__INFORMATION PROVIDED__:
────────────────

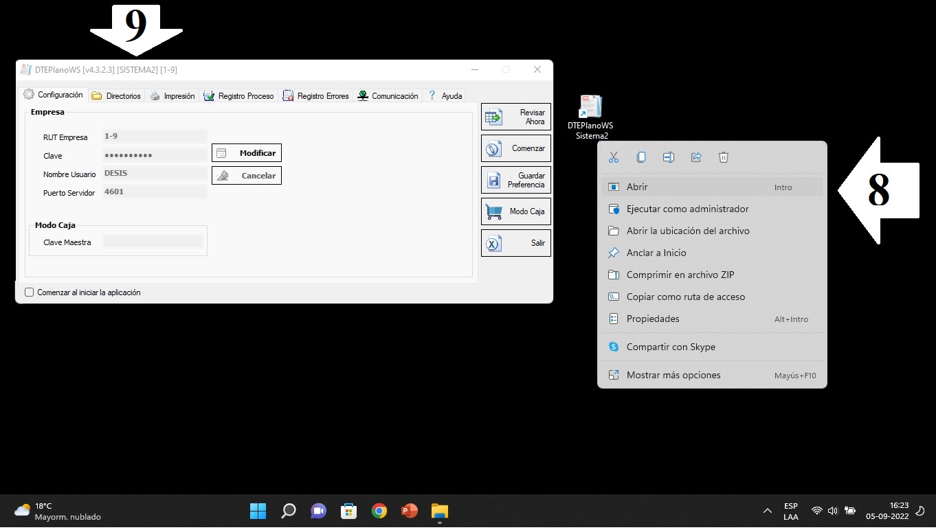 7) Una vez ya configurado el puerto servidor del nuevo sistema en la carpeta DTEPlanoWS, es posible abrir un distinto DTEPlano y realizar las configuraciones correspondientes.
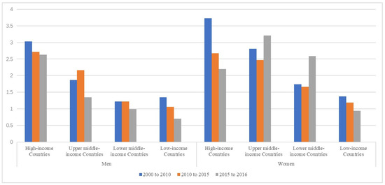 3.2. Gender Disparities among Geographic Regions and Income Groups
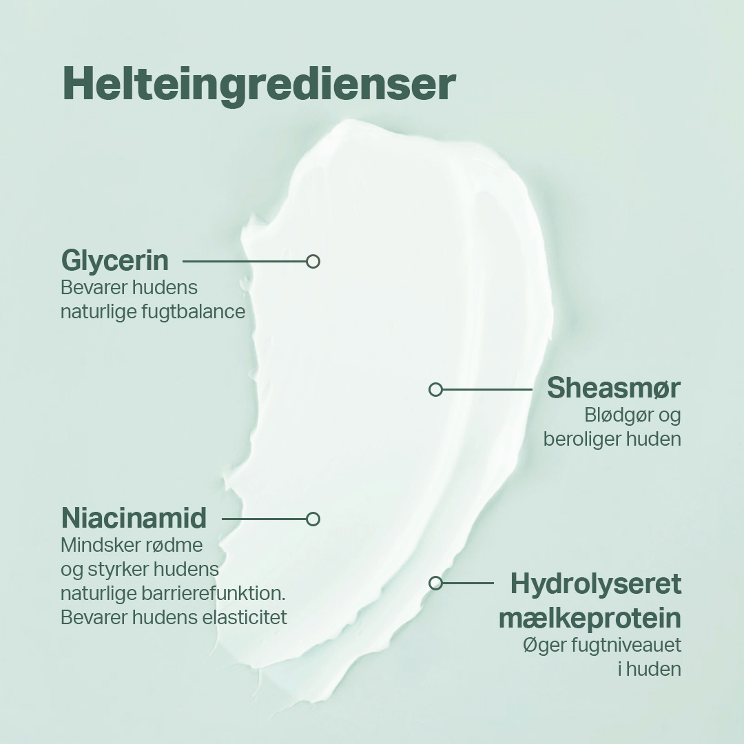 Cremen har en rig og blød konsistens, der bl.a. skyldes det høje indhold af sheasmør, som giver fugt og har en beroligende virkning på tør hud. Indholder også 3% niacinamid, der reducerer rødme og irritation.
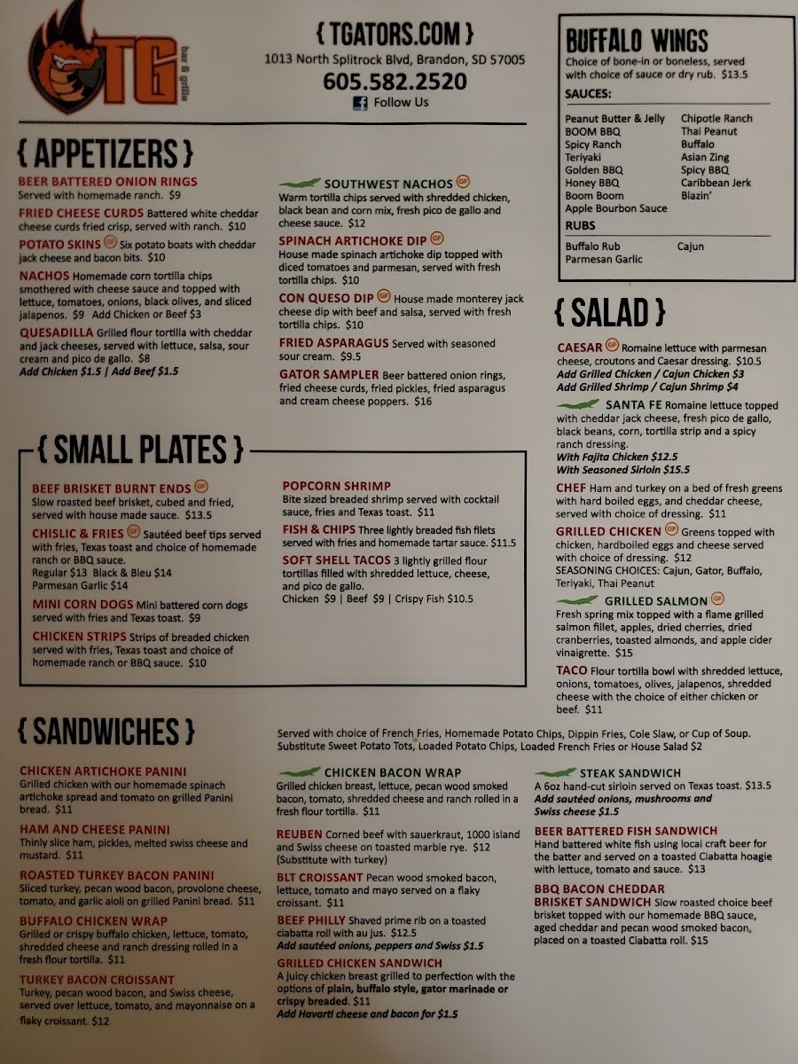 Welcome to Tailgator's, a delightful dining spot located at 1013 N Splitrock Blvd, Brandon, SD. This vibrant establishment offers an eclectic menu designed for both casual meals and special gatherings. Pizza lovers can customize their experience by building their own pizza with a choice of sauce and a five-cheese blend, or opt for signature options like the Meat Pizza or Greek Pizza, rich in flavors and fresh ingredients.

────────────────

__PROMPT__:
Print nothing but the lines above starting with the line that contains "3.2. Gender Disparities" and going on through the line that contains "Cremen har en". Leave out the pictures.

__OUTPUT OF THE EXERCISE__:
 3.2. Gender Disparities among Geographic Regions and Income Groups
 Cremen har en rig og blød konsistens, der bl.a. skyldes det høje indhold af sheasmør, som giver fugt og har en beroligende virkning på tør hud. Indholder også 3% niacinamid, der reducerer rødme og irritation.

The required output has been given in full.